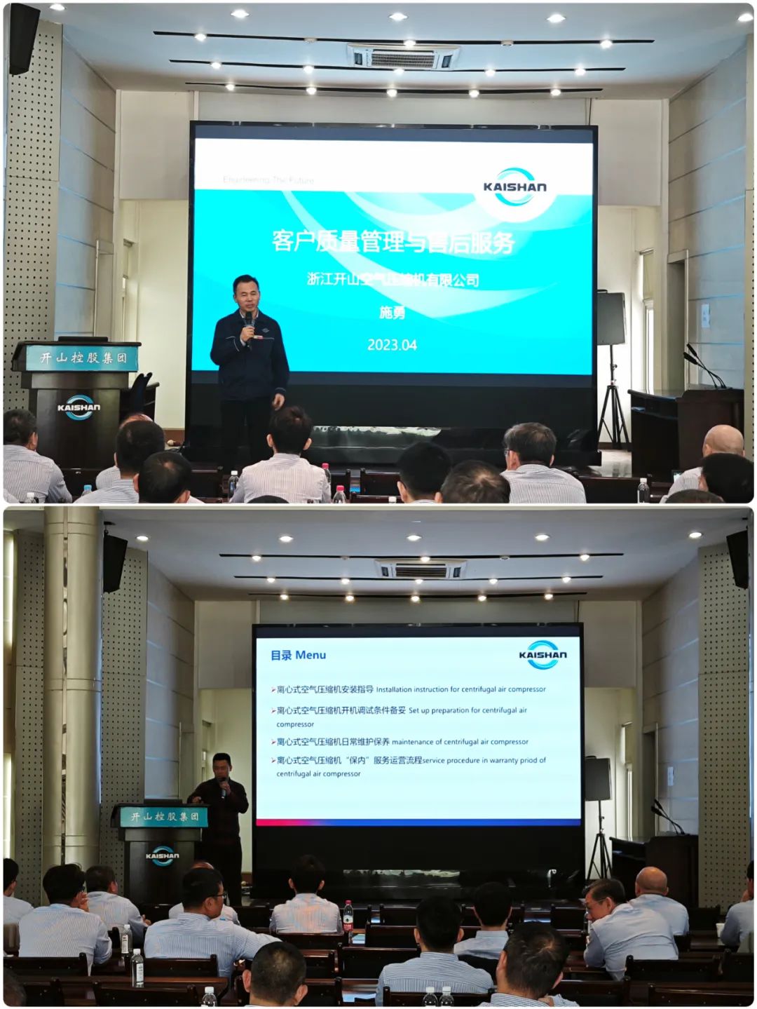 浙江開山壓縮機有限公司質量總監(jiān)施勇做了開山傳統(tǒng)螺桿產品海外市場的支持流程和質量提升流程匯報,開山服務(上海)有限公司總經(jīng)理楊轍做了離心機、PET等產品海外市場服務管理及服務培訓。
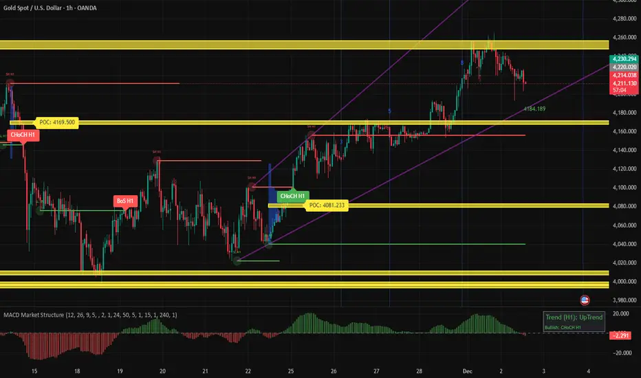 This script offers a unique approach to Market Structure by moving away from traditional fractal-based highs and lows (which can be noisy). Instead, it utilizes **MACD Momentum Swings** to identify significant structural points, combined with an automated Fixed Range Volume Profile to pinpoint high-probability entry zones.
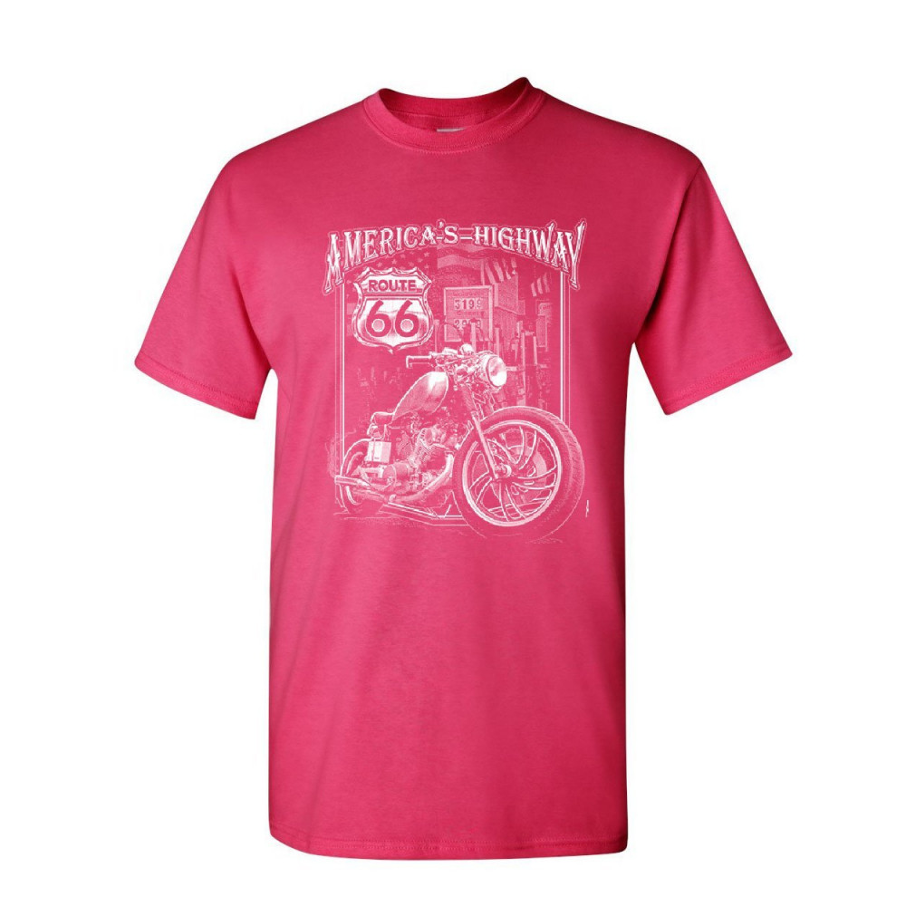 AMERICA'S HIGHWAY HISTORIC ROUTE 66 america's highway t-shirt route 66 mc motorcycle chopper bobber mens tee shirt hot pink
————————
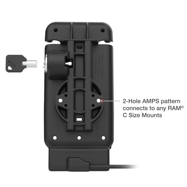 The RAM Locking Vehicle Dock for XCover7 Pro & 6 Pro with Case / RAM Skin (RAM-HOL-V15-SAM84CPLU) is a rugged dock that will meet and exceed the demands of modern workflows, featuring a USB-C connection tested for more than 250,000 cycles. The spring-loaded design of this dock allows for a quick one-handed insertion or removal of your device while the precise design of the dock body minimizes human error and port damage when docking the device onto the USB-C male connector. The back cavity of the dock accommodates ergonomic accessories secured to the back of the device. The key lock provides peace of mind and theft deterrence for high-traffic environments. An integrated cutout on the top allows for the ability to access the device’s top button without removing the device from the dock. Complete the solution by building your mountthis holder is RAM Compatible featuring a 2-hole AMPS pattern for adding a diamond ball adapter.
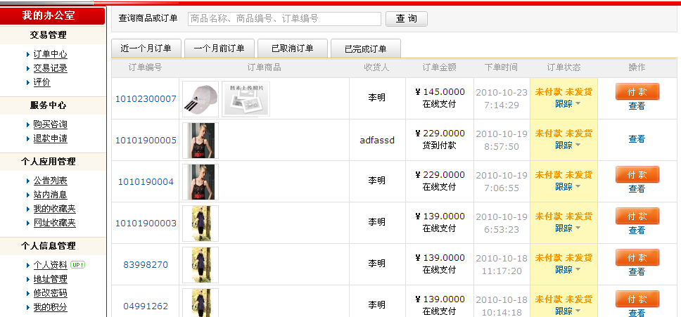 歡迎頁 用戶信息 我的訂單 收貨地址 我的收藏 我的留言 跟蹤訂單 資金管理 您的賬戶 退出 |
————————
# [What you are asked to do]
The reply should hold exactly the lines above, starting at the line with "浙江開山壓縮機有限公司質量總" and ending at the line with "AMERICA'S HIGHWAY HISTORIC", and no pictures.

# [Result of this exercise]
 浙江開山壓縮機有限公司質量總監(jiān)施勇做了開山傳統(tǒng)螺桿產品海外市場的支持流程和質量提升流程匯報,開山服務(上海)有限公司總經(jīng)理楊轍做了離心機、PET等產品海外市場服務管理及服務培訓。
 This script offers a unique approach to Market Structure by moving away from traditional fractal-based highs and lows (which can be noisy). Instead, it utilizes **MACD Momentum Swings** to identify significant structural points, combined with an automated Fixed Range Volume Profile to pinpoint high-probability entry zones.
 AMERICA'S HIGHWAY HISTORIC ROUTE 66 america's highway t-shirt route 66 mc motorcycle chopper bobber mens tee shirt hot pink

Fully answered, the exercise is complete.